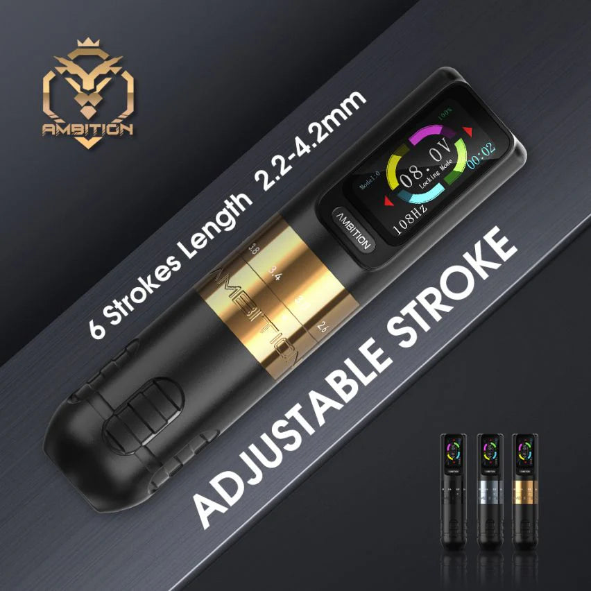Регулируем ход на иглата, което става много плавно и лесно със завъртане на ринга над ръкохватката, до избиране на желаната степен. Много е лека, с удобна ръкохватка която приляга перфектно в ръката. Моторът е направен от качествени материали и е много надежден. Батерията има капацитет от цели 2400mAh което я прави една от най-издръжливите на пазара (с до цели 8часа непрекъсната работа) и зареждане от само 2часа.
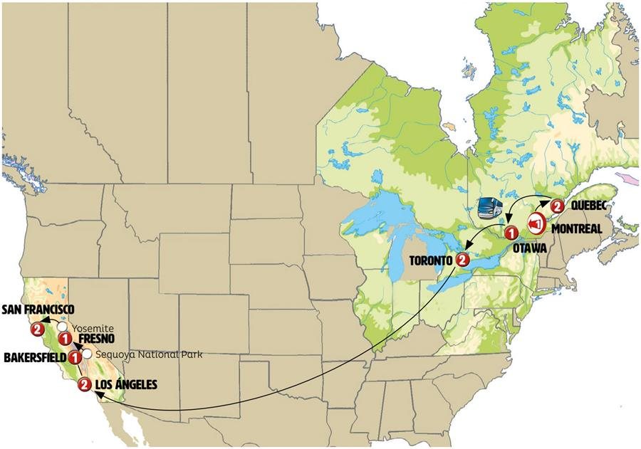 Después del desayuno, salimos al hermoso pueblecito de NIAGARA ON THE LAKE, tras un tiempo para pasear continuamos hacia las Cataratas del Niágara. Una vez allí, fotografiaremos el Reloj Floral antes de embarcarnos en el Hornblower Niagara Cruise, un pequeño barco que nos llevará a la base de las famosas Cataratas. Posteriormente tendremos tiempo libre para disfrutar de las atracciones en Clifton Hill. Al final de la tarde llegamos al hotel en Niagara Falls.A la hora marcada por su guía, les incluiremos un traslado al aeropuerto para tomar el vuelo interno incluido en su viaje. A su llegada a destino les brindaremos un nuevo traslado hasta el hotel. Su guía les contactará al final de la tarde o podrá consultar las informaciones colocadas en la recepción de su hotel. Nota: recuerde que en los vuelos internos el equipaje normalmente permitido es una única maleta en bodega de hasta 23 kgs. los cargos por exceso de equipaje deberán ser abonados directamente por el pasajero a la compañía aérea.
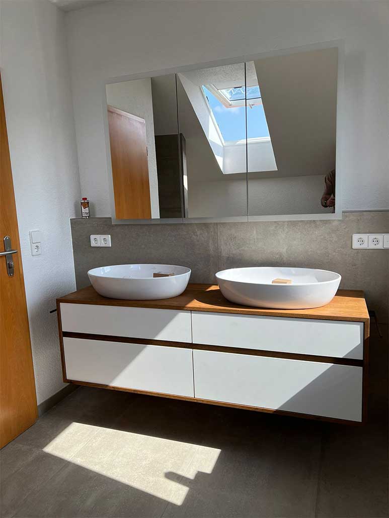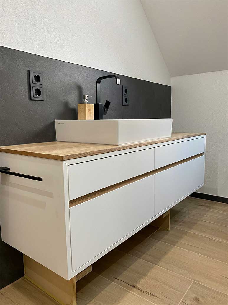 Durchdachte Planung, saubere Ausführung und hochwertige Materialien – verwandeln Sie Ihr Bad in eine stilvolle Wohlfühloase!
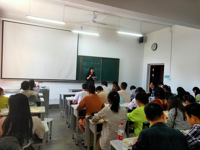 (政法学院 通讯员 王柳)2019年9月23日下午,社会工作专业16级全体学生在北区7栋103教室举行毕业实习动员大会,会议由社会学系主任马国瑾主持。
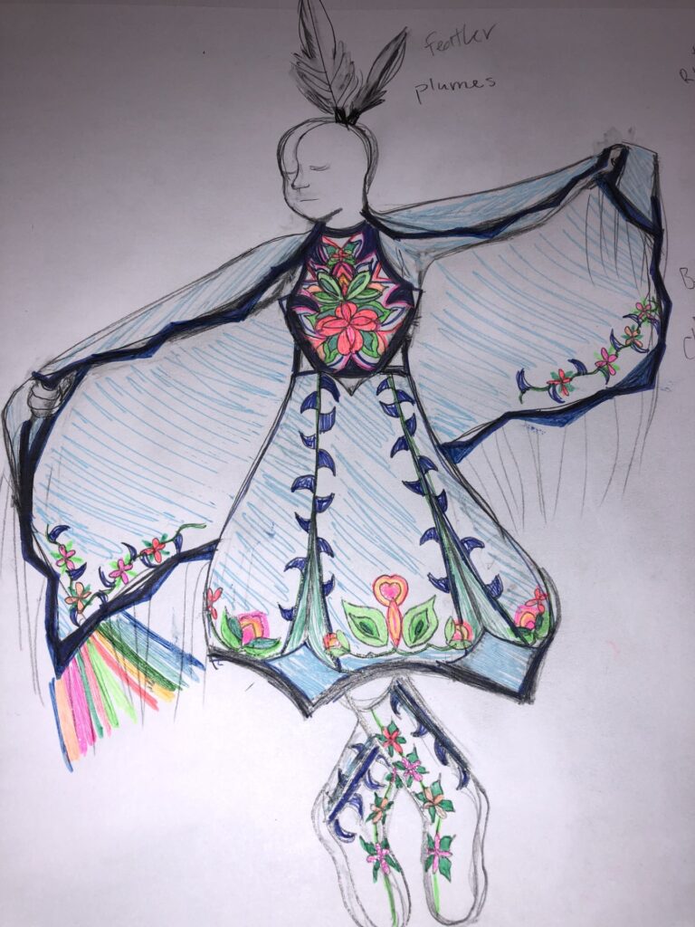 First, I started out making the fancy shawl regalia design by hand sketching (the same I did the past designs). Then only sharing one sketch with the ND Advisory committee and my intention of using neon colors, everyone was pleased. I am now making the patterns to apply to the fabrics. The reason for including neon colors is it would be a good contrast to the other designs. Below you can see the inspiration sketch of the design.
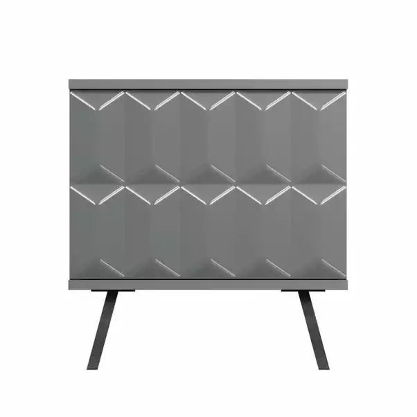 Featuring push to open doors with internal shelving to store away all your bits and bobs, this deep textured contemporary table has a high-gloss painted finish with unique smoked chrome legs. Suitable for many rooms as it’s perfect to use as a lamp table or bedside table.
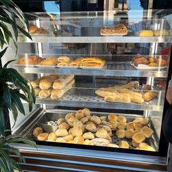 Today I walked with the Grande Prairie lady and another for half a day. We didn’t get too far when we hit the coffee shop. This is the temptation we face every morning, delicious Pastelerias.
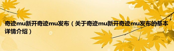 本文关于奇迹mu新开奇迹mu发布的基本详情介绍就讲解完毕,希望对大家有所帮助。
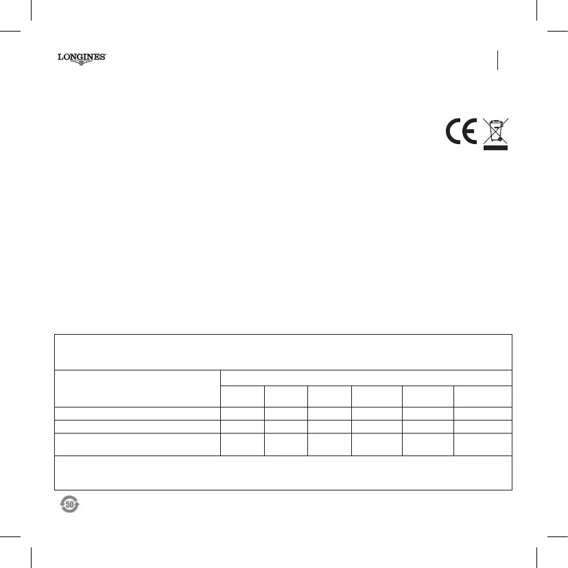 下表中所列物质仅存在于腕表内部,不会和佩戴者接触。因此,并不会对腕表的佩戴者产生健康或安全问题。
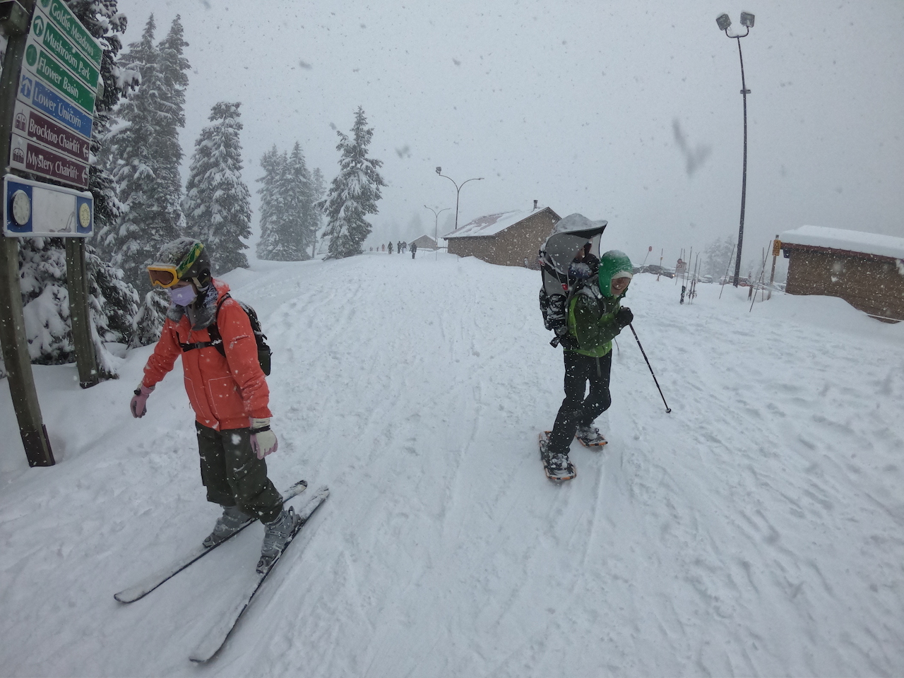 Given the enclosed tunnel of the Magic Carpet at Mt. Seymour, we are hoping to progress to open air chairlifts ASAP. Now that we’ve learned that both Tina and I can pilot Junior, advancing to chairlifts seems reasonable soon.

____________________

#### What is needed:
Everything above from the line containing "本文关于奇迹mu新开奇迹mu发布的基本详情介绍就讲解完毕,希望对大家有所帮助。" through the line containing "下表中所列物质仅存在于腕表内" must be repeated exactly, and the pictures must be left out.

#### Solved exercise:
 本文关于奇迹mu新开奇迹mu发布的基本详情介绍就讲解完毕,希望对大家有所帮助。
 下表中所列物质仅存在于腕表内部,不会和佩戴者接触。因此,并不会对腕表的佩戴者产生健康或安全问题。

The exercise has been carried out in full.